Friday, February 21, 2014

The difference between want and need...

I hear lots of my friends talking about wants and needs when we are out and about. I struggle with them too. Do I want or need those new boots? That purse? That replacement bale ring for the cows? Then there are the wants and needs that aren't material: more free time, more rewarding experiences, vacations, weekends with friends, or exercising. I'll give you a hint. That last one is probably a need, but I really don't want to!
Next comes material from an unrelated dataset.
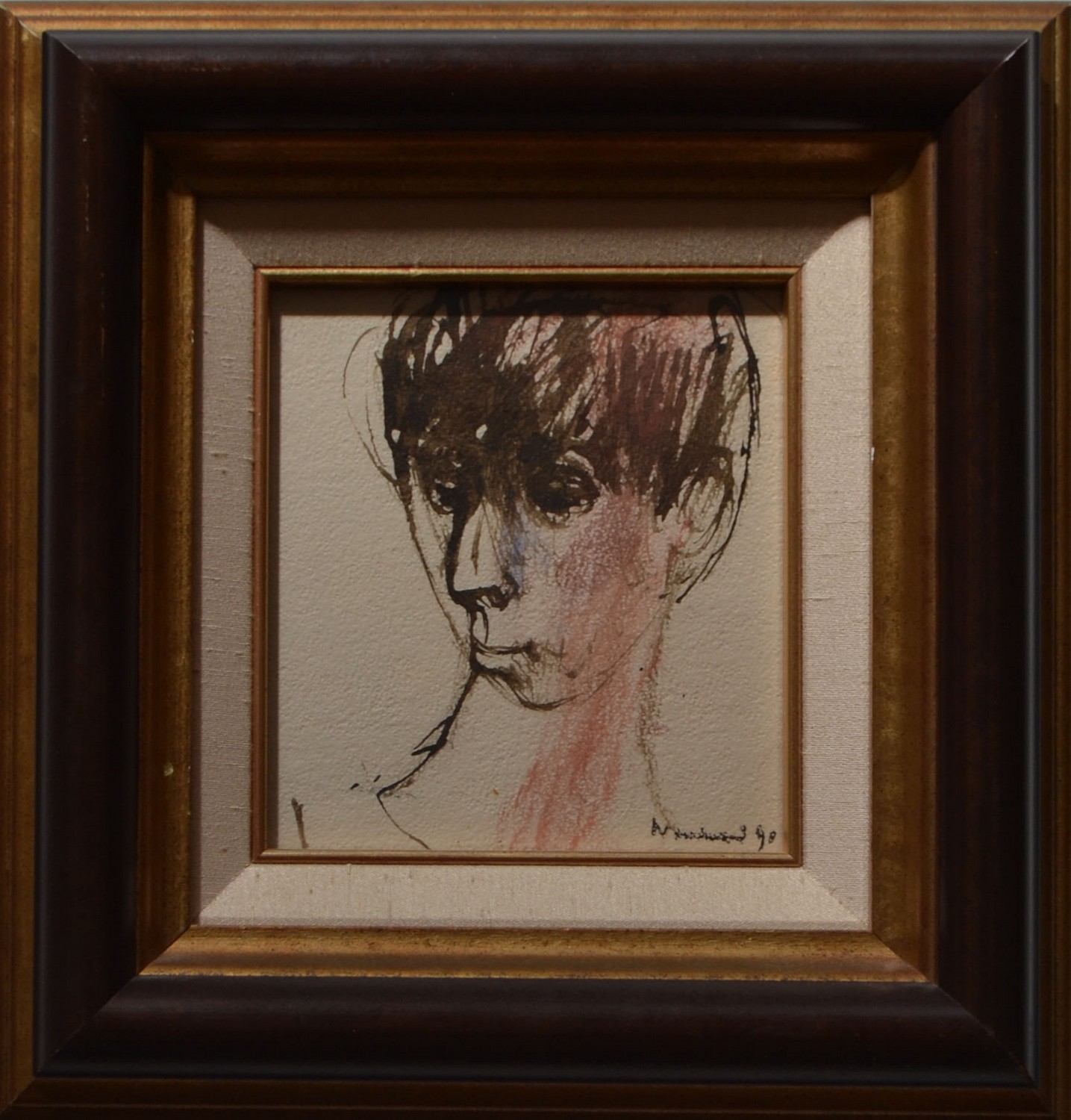 MARGARET WOODWARD, HEAD STUDY, MIXED MEDIA ON PAPER, 14.5 X 13CM, FRAME SIZE: 29 X 28CM, CONDITION: VERY GOOD. LEONARD JOEL DELIVERY SIZE: SMALL

A lot of times the difference between want and need is painfully apparent when you live on a farm. Fortunately, this week began with them coinciding quite nicely. I wanted to be outside because it was sunshine-y and almost sixty degrees. I needed to move hay. I needed to fix the fence because the cows can easily get on the highway and die tragic bovine deaths.
 
But there are obviously times when the opposite is true and my wants and my needs are opposed. Like when it is -20 and I need to move hay. Or I want to leave for a vacation, but things will starve to death. Then there are times when my wants turn into needs.
 
For years I have wanted to clean up the old barn that stands on my parents’ property. It is a thing of beauty – all hand hewn oak beams and hand cut stone quarried from the property is stands on. Though it is home to six stalls and a great amount of space we really only use it for the hayloft and storing a few wagons. The space has been underutilized my entire life, but especially in the last five years since we started feeding the cats in the newer horse barn. The old barn has not received much TLC. We don’t really go in there unless we have to throw hay to the cows.
 
My grandfather recently passed away, and I am staring some massive barn and house renovations in the face starting around September; so, I have felt a huge push to try and get all of the little things off my to do list at mom and dad’s farm. Some of those things require more than one set of hands. Yeah. I’m talking about you Mr. Corner fence post that is washing away and needs to be fixed before taking the whole fence row down. We are gonna tango mister. Mark my words! Or are made easier with multiple sets of hands like trimming the fence line or replacing white boards in the danged vinyl fence. But one of them that didn’t need many sets of hands was cleaning up some of the trash in the old barn.
 
I mentioned that we used to feed cats in there. I have a confession. I’m lazy, and rather than cutting the weight circles off the bags (you can turn them in for rewards with Purina) I just threw them behind a partition. Out of sight, out of mind. I am really hating myself for that one. I have spent maybe two hours cutting off weight circles so far, and I am not even close to being done with that project. In the course of this though I have found that my desire to clean the barn might not be a want so much as a need.
 
When I took Captain America in there to show off my progress three weeks ago we heard the sound of running water coming from the barn basement. Yup. We had a pipe burst right outside the basement wall. The good Captain got right to work and dug a trench that appeared to go halfway to China before I could so much as blink. He and my dad fixed it, and it was all good. Well, if anything like that can actually be good. However, I had this thought in the back of my mind saying,  “How long would it have leaked if I hadn’t started cleaning in there? If I hadn’t wanted to show it off it could have run for months without anyone noticing.”
 
Then it got cold again, and it wasn’t until yesterday that I snuck away from my desk job and out to fix some fence. I got done in the daylight and decided to let the chickens loose for awhile. I won’t leave them out of earshot anymore since the Great Defeathering Incident of 2013 so I went back into the barn to clean up more feed sacks. I opened one of the stall doors to try and shine a little light on my project and started rocking out on my iPod and cutting out weight circles like a boss. I don’t know what drew my attention to it, but after awhile I looked up and noticed that one of the support beams, one of the support beams that is under the hayloft mind you, was sagging. The oak beams it was sitting on have splintered and rotted into almost nothing.  
 
Suddenly cleaning the barn is not a WANT, it is an EMERGENCY. AGH! So much for wanting to go to Captain America’s house this weekend.